- Exercise data
---
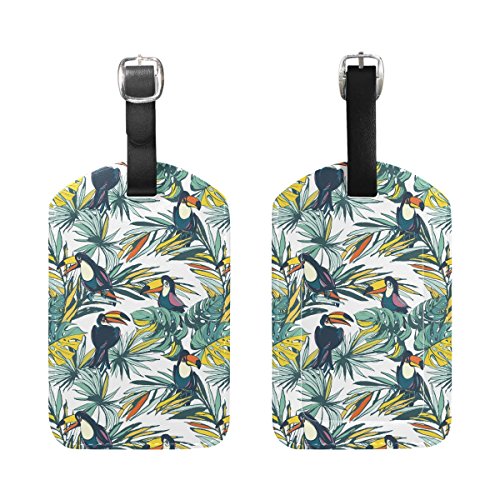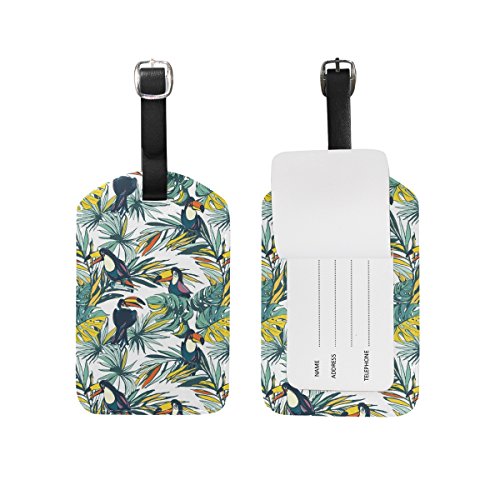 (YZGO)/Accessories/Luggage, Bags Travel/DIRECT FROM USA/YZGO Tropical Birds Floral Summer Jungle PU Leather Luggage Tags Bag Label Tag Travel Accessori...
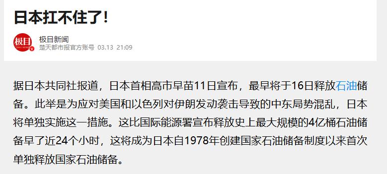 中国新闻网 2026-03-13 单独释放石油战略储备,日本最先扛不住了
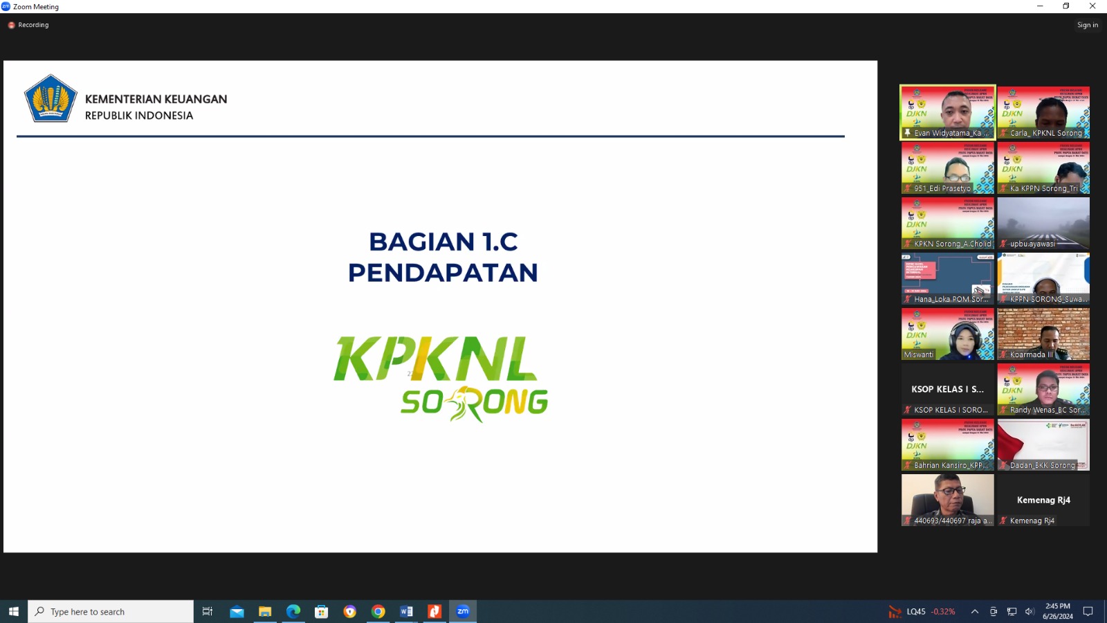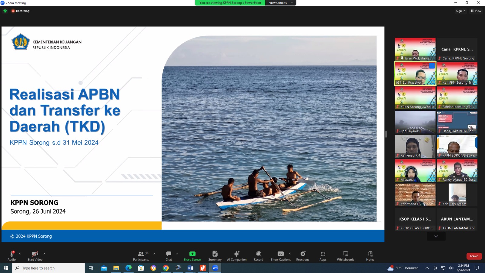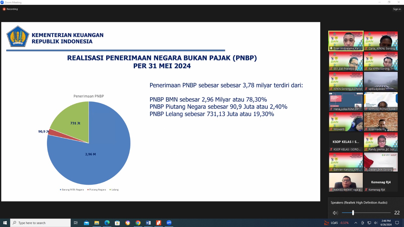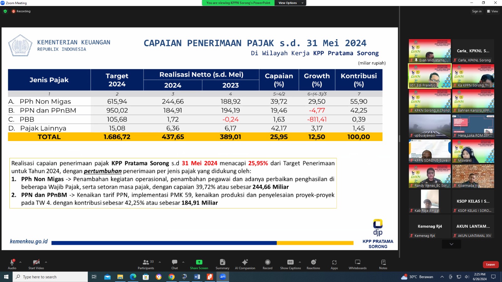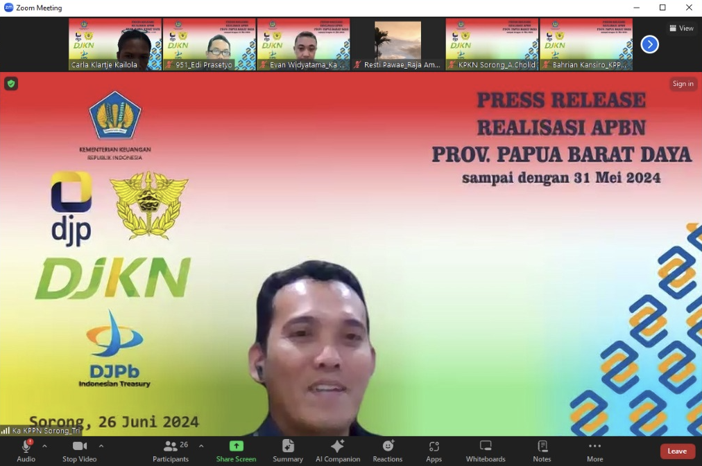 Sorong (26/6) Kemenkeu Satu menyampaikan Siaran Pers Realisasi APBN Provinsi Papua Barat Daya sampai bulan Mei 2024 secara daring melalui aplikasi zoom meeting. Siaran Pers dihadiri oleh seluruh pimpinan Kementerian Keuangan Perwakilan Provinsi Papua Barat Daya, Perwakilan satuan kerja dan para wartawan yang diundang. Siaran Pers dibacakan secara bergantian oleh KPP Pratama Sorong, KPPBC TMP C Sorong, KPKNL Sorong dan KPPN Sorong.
---
- What you have to do
Since the pictures are not wanted, transcribe only the rest of the material above, exactly as it stands.

- Your response
 (YZGO)/Accessories/Luggage, Bags Travel/DIRECT FROM USA/YZGO Tropical Birds Floral Summer Jungle PU Leather Luggage Tags Bag Label Tag Travel Accessori...
 中国新闻网 2026-03-13 单独释放石油战略储备,日本最先扛不住了
 Sorong (26/6) Kemenkeu Satu menyampaikan Siaran Pers Realisasi APBN Provinsi Papua Barat Daya sampai bulan Mei 2024 secara daring melalui aplikasi zoom meeting. Siaran Pers dihadiri oleh seluruh pimpinan Kementerian Keuangan Perwakilan Provinsi Papua Barat Daya, Perwakilan satuan kerja dan para wartawan yang diundang. Siaran Pers dibacakan secara bergantian oleh KPP Pratama Sorong, KPPBC TMP C Sorong, KPKNL Sorong dan KPPN Sorong.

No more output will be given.